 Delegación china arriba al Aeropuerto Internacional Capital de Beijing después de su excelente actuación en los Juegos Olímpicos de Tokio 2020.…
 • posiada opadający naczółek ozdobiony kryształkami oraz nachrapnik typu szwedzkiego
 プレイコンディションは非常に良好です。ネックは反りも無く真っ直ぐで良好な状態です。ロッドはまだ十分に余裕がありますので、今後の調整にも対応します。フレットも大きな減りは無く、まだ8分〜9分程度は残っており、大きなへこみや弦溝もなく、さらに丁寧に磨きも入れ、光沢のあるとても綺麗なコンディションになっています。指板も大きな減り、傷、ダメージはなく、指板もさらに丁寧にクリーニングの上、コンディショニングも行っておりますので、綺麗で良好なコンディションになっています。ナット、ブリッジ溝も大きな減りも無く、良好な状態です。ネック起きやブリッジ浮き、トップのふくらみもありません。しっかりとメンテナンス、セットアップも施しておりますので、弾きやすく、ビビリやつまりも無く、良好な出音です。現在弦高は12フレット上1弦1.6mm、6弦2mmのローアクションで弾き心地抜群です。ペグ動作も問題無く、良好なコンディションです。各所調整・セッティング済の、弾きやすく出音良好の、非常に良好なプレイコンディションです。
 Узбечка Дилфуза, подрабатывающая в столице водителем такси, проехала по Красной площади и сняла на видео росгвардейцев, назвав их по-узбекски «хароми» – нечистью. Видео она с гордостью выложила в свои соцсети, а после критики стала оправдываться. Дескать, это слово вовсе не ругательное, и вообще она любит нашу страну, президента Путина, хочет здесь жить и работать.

--

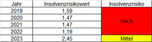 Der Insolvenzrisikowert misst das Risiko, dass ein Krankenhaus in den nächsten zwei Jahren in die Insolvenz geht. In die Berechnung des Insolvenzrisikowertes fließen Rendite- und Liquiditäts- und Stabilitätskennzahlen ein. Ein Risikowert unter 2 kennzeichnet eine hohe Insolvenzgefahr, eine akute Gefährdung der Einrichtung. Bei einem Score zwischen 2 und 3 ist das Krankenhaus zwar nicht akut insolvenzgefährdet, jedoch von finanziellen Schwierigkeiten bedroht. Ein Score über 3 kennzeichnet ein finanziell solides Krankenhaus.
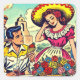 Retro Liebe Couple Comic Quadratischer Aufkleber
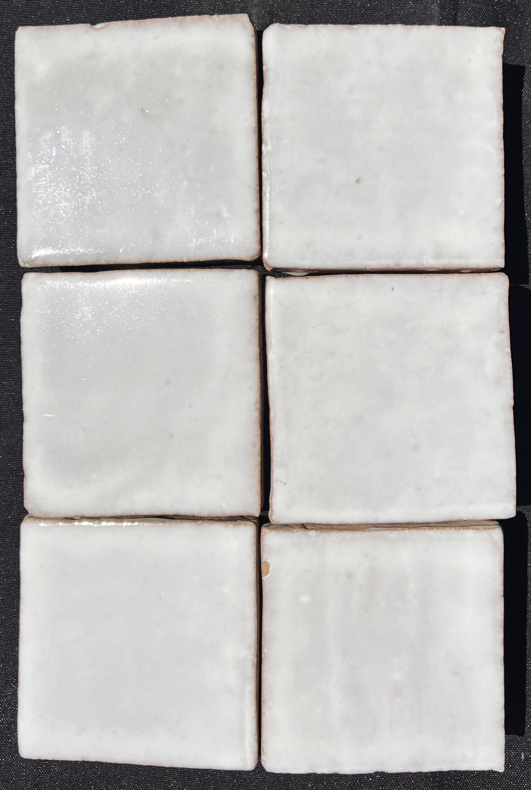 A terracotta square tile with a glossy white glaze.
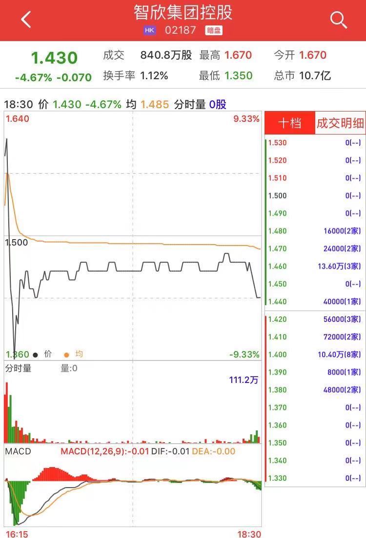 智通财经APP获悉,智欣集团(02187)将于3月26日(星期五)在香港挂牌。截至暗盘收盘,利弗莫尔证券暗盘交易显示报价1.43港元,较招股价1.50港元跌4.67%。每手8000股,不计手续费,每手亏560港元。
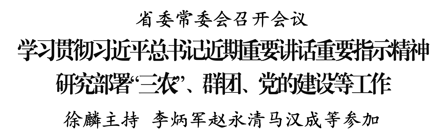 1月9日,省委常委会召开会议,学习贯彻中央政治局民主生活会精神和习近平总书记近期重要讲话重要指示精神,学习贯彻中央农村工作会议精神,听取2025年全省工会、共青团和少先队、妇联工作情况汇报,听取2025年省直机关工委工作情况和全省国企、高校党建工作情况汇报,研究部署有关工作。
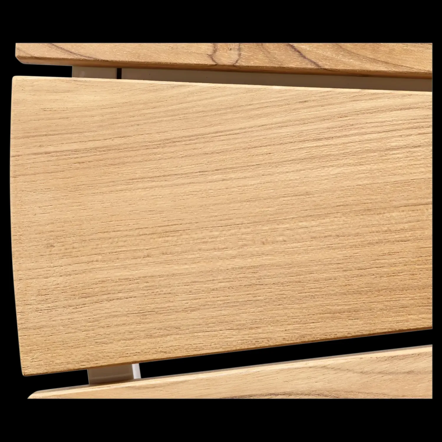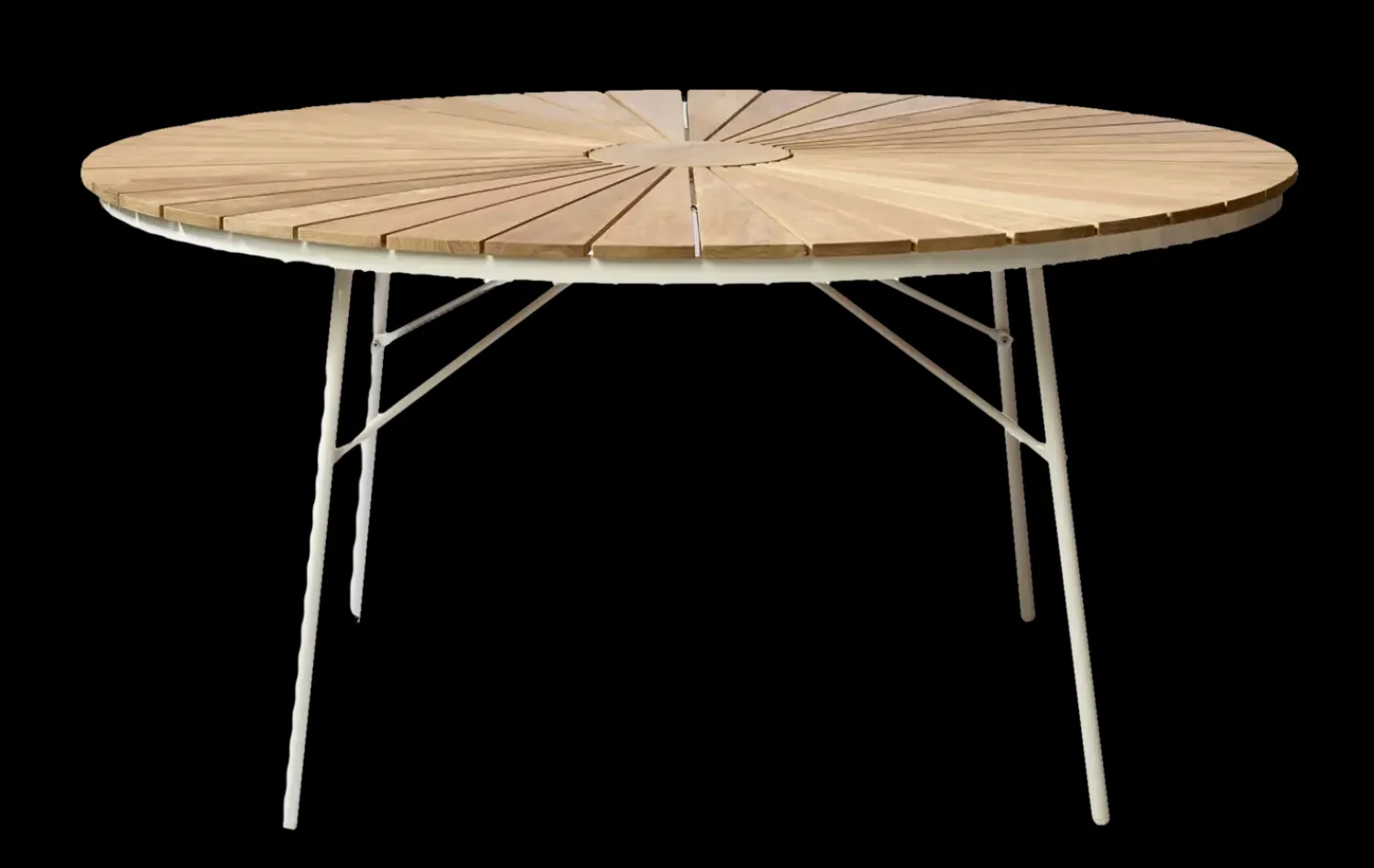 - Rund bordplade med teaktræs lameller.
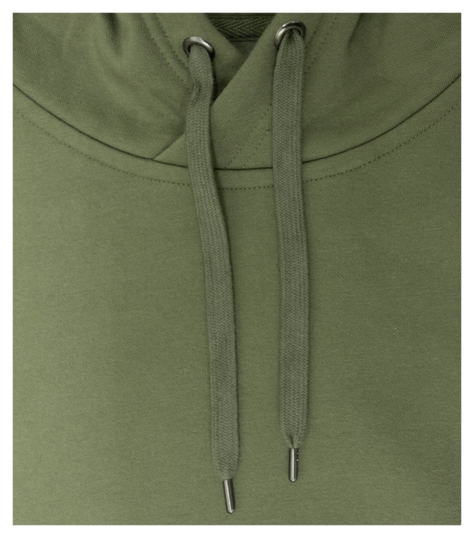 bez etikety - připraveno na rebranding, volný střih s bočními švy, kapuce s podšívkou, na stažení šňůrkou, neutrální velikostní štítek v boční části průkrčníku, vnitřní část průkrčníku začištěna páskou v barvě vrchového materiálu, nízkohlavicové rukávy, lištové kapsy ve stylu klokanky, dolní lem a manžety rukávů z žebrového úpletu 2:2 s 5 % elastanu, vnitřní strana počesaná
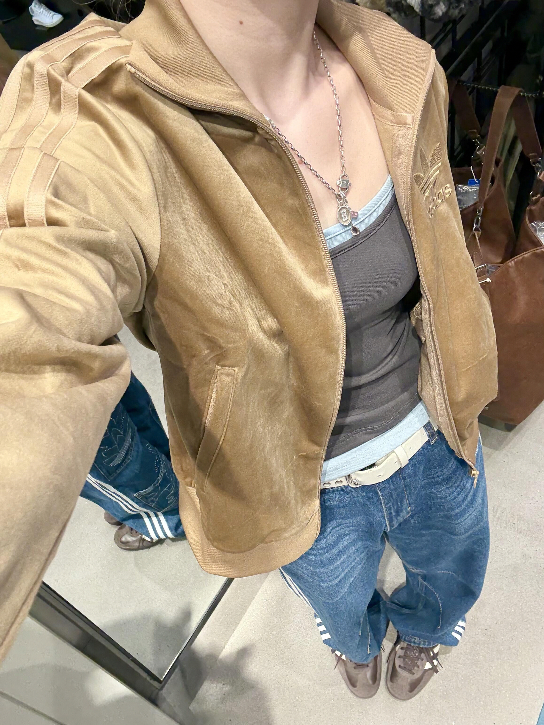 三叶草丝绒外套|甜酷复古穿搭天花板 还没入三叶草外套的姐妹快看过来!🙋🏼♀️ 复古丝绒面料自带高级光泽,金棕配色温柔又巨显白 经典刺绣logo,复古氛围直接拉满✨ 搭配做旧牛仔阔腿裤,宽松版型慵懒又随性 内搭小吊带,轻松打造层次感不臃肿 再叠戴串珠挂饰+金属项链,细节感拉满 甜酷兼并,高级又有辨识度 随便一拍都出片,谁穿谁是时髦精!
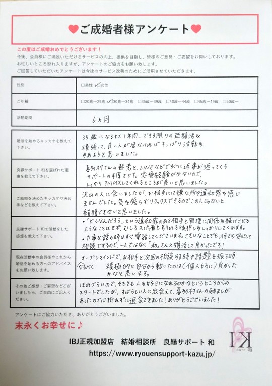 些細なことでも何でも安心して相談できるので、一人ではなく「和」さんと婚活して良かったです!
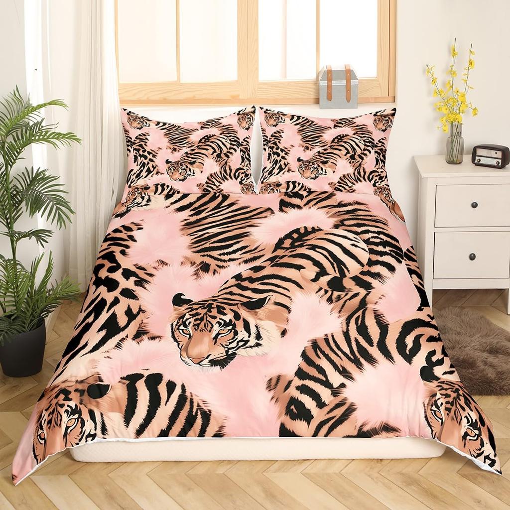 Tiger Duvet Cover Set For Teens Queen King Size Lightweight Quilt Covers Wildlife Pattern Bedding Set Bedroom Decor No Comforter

...

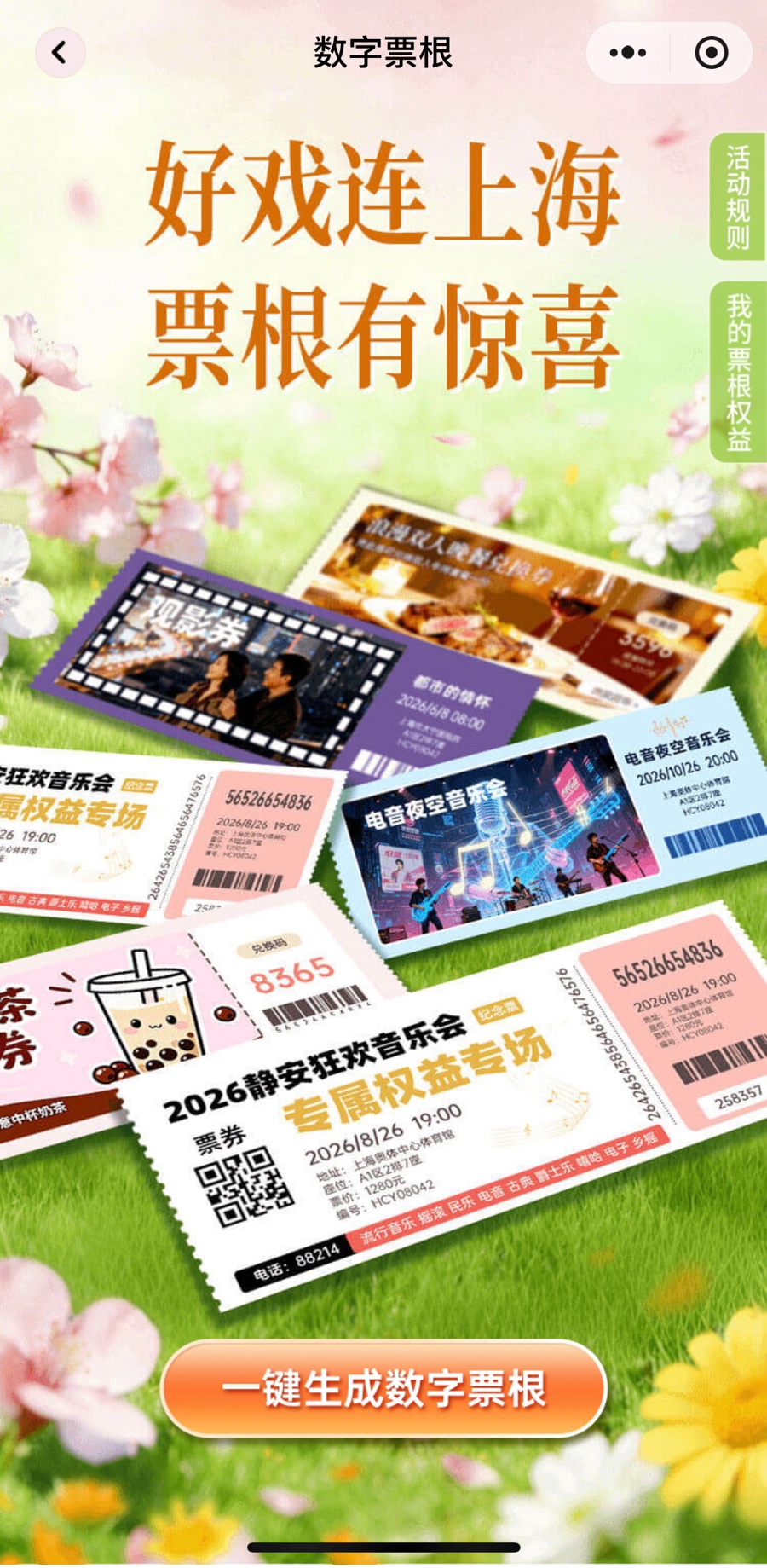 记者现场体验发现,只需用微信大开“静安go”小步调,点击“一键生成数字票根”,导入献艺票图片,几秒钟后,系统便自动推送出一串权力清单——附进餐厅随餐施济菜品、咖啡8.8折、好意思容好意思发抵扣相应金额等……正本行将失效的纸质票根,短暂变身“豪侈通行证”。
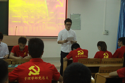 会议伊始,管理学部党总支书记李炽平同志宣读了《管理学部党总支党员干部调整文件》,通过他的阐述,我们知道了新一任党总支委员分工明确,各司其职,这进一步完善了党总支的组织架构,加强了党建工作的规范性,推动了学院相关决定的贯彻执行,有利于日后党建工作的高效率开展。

◆ Exercise prompt: Using the data above, output the line that has "些細なことでも何でも安心して", the line that has "Tiger Duvet Cover", and whatever lines fall between, each exactly as it stands and without pictures.

◆ Finished task:
 些細なことでも何でも安心して相談できるので、一人ではなく「和」さんと婚活して良かったです!
 Tiger Duvet Cover Set For Teens Queen King Size Lightweight Quilt Covers Wildlife Pattern Bedding Set Bedroom Decor No Comforter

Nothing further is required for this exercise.